England's travails were already significant when Andrew Strauss, their captain, was out yesterday. It was the worst possible start to their second innings and put the Umpire Decision Review System on trial again.

Under the regulation, both sides are allowed two reviews per innings, the number remaining intact if they are proved right. The confusion starts when it seems they are neither right nor wrong. When Strauss was adjudged to have touched a ball down the leg side to the wicketkeeper in the fifth over of England's innings yesterday he quickly consulted his partner, Alastair Cook and made the sign calling for it to be re-examined. The replays came and were quite inconclusive.

Hotspot, the ultra-red technology which uses heat to sense if there has been a touch, indicated a spot on Strauss's thigh pad. He might have been spared but there was no overwhelming evidence that it was the ball that touched the pad, or if it had, had not also touched glove or bat. Given that that there was insufficient evidence to prove Strauss innocent, as it were, the umpire Billy Bowden's original decision of guilty had to stand. As it had a little earlier when Saeed Ajmal was given out caught at short leg and was equally convinced the ball had not brushed his glove. It probably did not but Bowden had adjudged there was a touch and in the absence of irrefutable visual testimony the decision stood. This caused the usual debate but Strauss remains a supporter of DRS.
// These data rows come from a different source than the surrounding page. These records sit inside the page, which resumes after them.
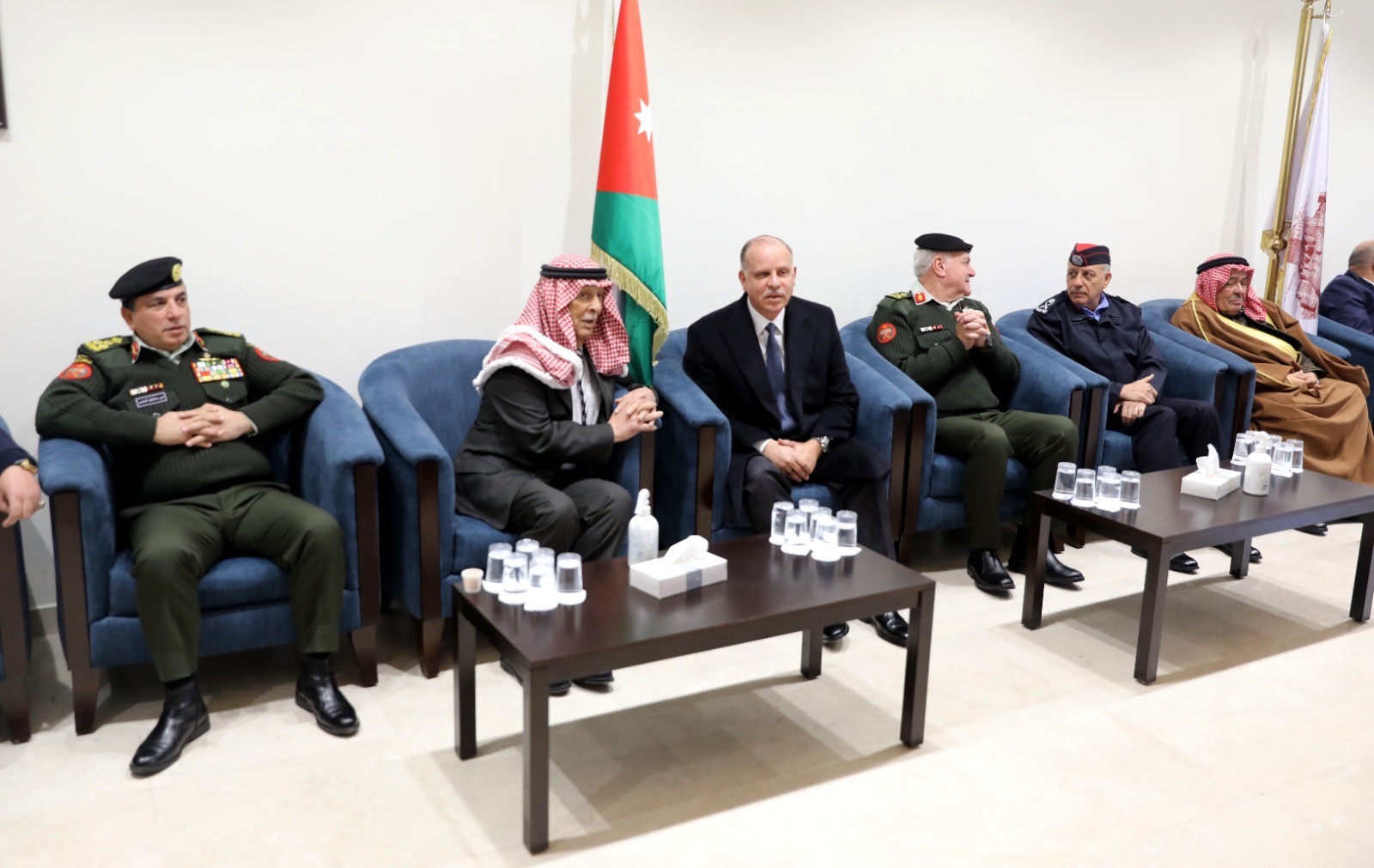 كما قدّم واجب العزاء دولة رئيس الوزراء الدكتور جعفر حسان، ودولة رئيس مجلس الأعيان فيصل الفايز، ومعالي رئيس مجلس النواب مازن القاضي، وعطوفة رئيس هيئة الأركان المشتركة اللواء الركن يوسف الحنيطي، وعطوفة مدير دائرة المخابرات العامة اللواء أحمد حسني، وعطوفة مدير الأمن العام اللواء عبيدالله المعايطة، إلى جانب عدد من الشيوخ والوجهاء من مختلف محافظات المملكة.
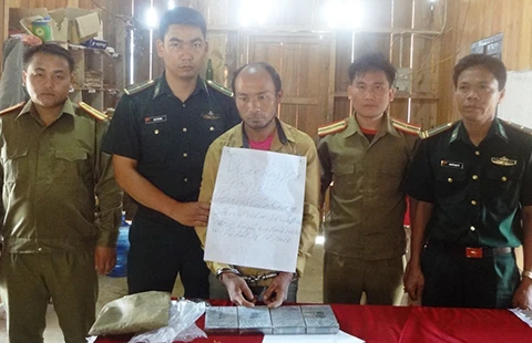 Thạo Xay Hơ (đứng giữa) và tang vật. Ảnh: Đ.LAM
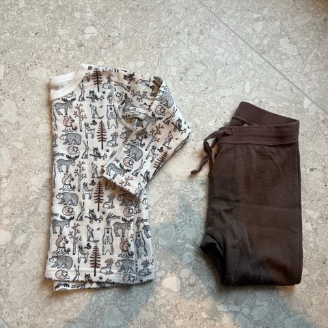 Et nytt, vakkert vårsett i ull, størrelse 92, dessverre likte ikke sønnen min dette materialet, og jeg må selge det, det ser enda finere ut i virkeligheten.
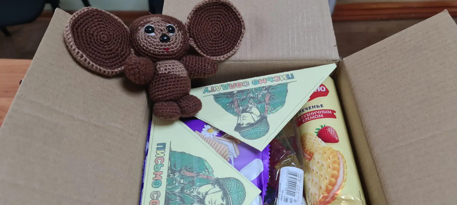 В этот раз в посылке на фронт поедет очаровательный Чебурашка, связанный с любовью. Он проследит, чтобы добрые слова и искренняя поддержка для солдат дошли как можно скорее.

His point always is that it leads to fewer wrong decisions. It does not, however, eradicate them. He was candid enough to concede his dismissal did not alter events. Actually, it might have.

Umpires such as Bowden might like to reconsider their approach to the so-called leg side strangle. They are hard to judge because the bat is so often tangled up with pad or leg and the ball has often passed the batsman's body before contact is made. Sound is not the same as sight in these cases.

The skill of the third umpire is also important, too, since he relays the information. The shortcoming of DRS is that if a batsman feels he is not out he feels doubly betrayed. It is not perfect but then neither are umpires or cricketers.